*** Material provided

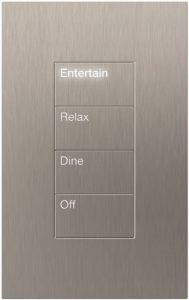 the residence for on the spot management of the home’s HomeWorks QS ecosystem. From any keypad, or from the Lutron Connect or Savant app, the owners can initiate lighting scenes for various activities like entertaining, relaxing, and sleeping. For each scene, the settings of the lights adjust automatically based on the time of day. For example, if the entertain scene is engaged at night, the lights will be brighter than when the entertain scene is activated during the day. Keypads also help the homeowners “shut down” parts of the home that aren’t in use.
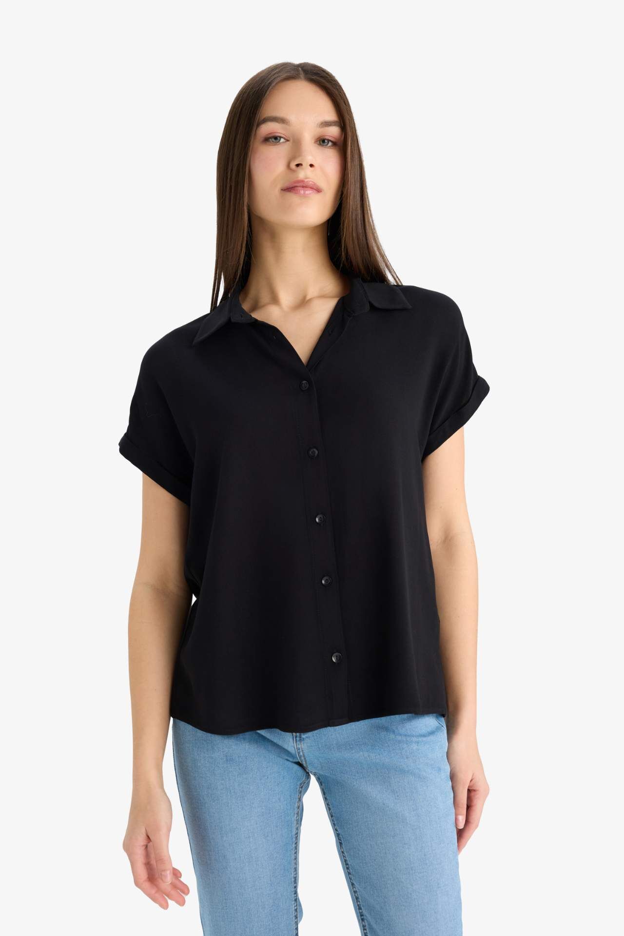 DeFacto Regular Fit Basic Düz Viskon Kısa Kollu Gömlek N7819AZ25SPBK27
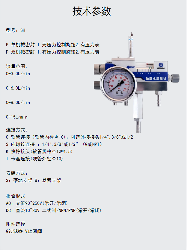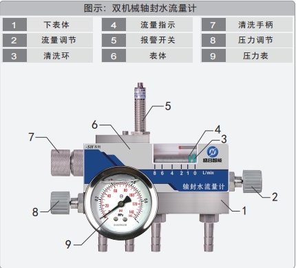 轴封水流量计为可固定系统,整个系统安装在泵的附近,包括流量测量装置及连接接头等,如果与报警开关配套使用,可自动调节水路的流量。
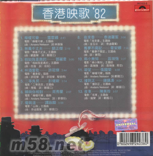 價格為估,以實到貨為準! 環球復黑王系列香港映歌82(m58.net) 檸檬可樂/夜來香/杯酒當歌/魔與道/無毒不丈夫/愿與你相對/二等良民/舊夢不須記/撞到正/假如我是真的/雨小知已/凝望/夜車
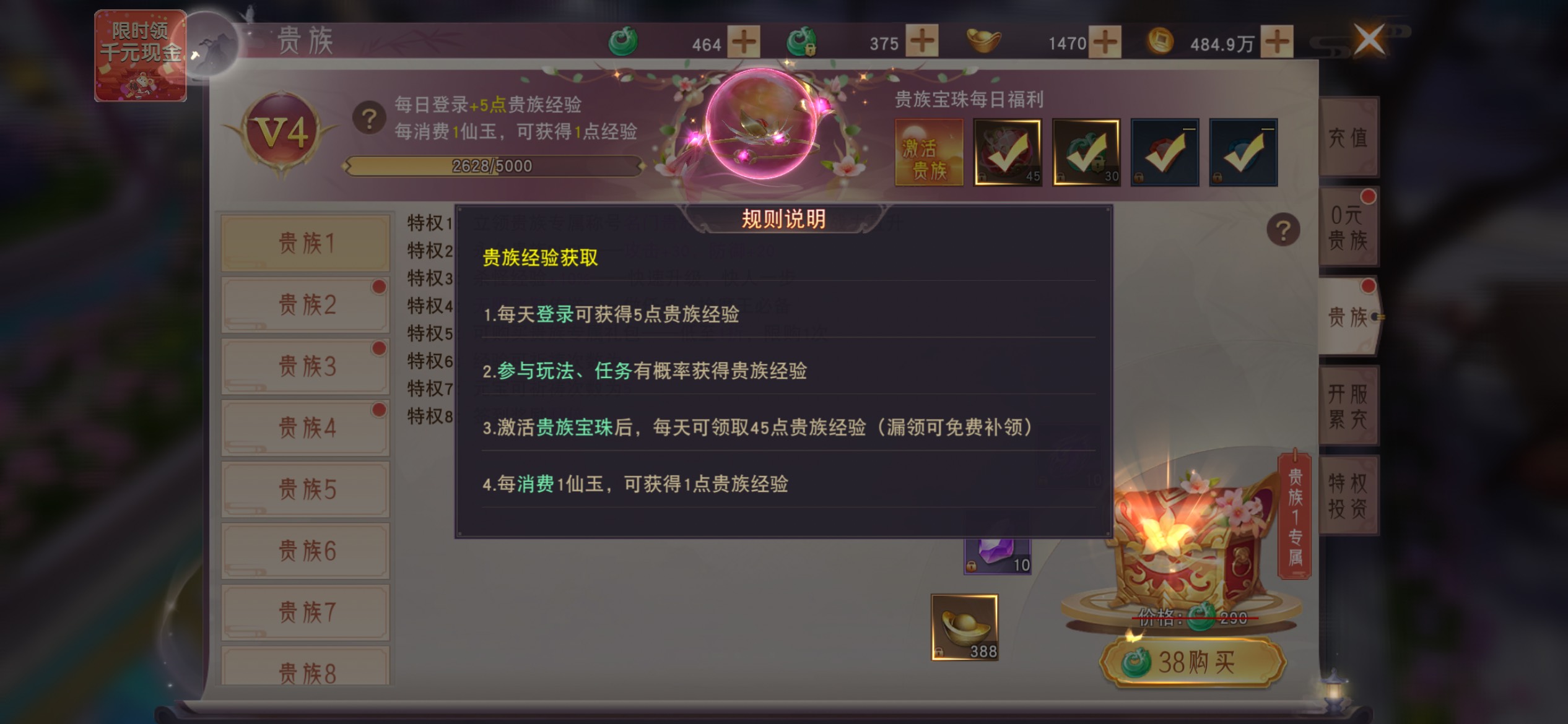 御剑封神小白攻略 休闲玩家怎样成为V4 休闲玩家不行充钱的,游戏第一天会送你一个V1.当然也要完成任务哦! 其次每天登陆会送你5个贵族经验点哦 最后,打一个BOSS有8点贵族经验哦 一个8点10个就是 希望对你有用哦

******

- **What is required**:
Return the entries verbatim, pictures excluded.

- **Task solution**:
 the residence for on the spot management of the home’s HomeWorks QS ecosystem. From any keypad, or from the Lutron Connect or Savant app, the owners can initiate lighting scenes for various activities like entertaining, relaxing, and sleeping. For each scene, the settings of the lights adjust automatically based on the time of day. For example, if the entertain scene is engaged at night, the lights will be brighter than when the entertain scene is activated during the day. Keypads also help the homeowners “shut down” parts of the home that aren’t in use.
 DeFacto Regular Fit Basic Düz Viskon Kısa Kollu Gömlek N7819AZ25SPBK27
 轴封水流量计为可固定系统,整个系统安装在泵的附近,包括流量测量装置及连接接头等,如果与报警开关配套使用,可自动调节水路的流量。
 價格為估,以實到貨為準! 環球復黑王系列香港映歌82(m58.net) 檸檬可樂/夜來香/杯酒當歌/魔與道/無毒不丈夫/愿與你相對/二等良民/舊夢不須記/撞到正/假如我是真的/雨小知已/凝望/夜車
 御剑封神小白攻略 休闲玩家怎样成为V4 休闲玩家不行充钱的,游戏第一天会送你一个V1.当然也要完成任务哦! 其次每天登陆会送你5个贵族经验点哦 最后,打一个BOSS有8点贵族经验哦 一个8点10个就是 希望对你有用哦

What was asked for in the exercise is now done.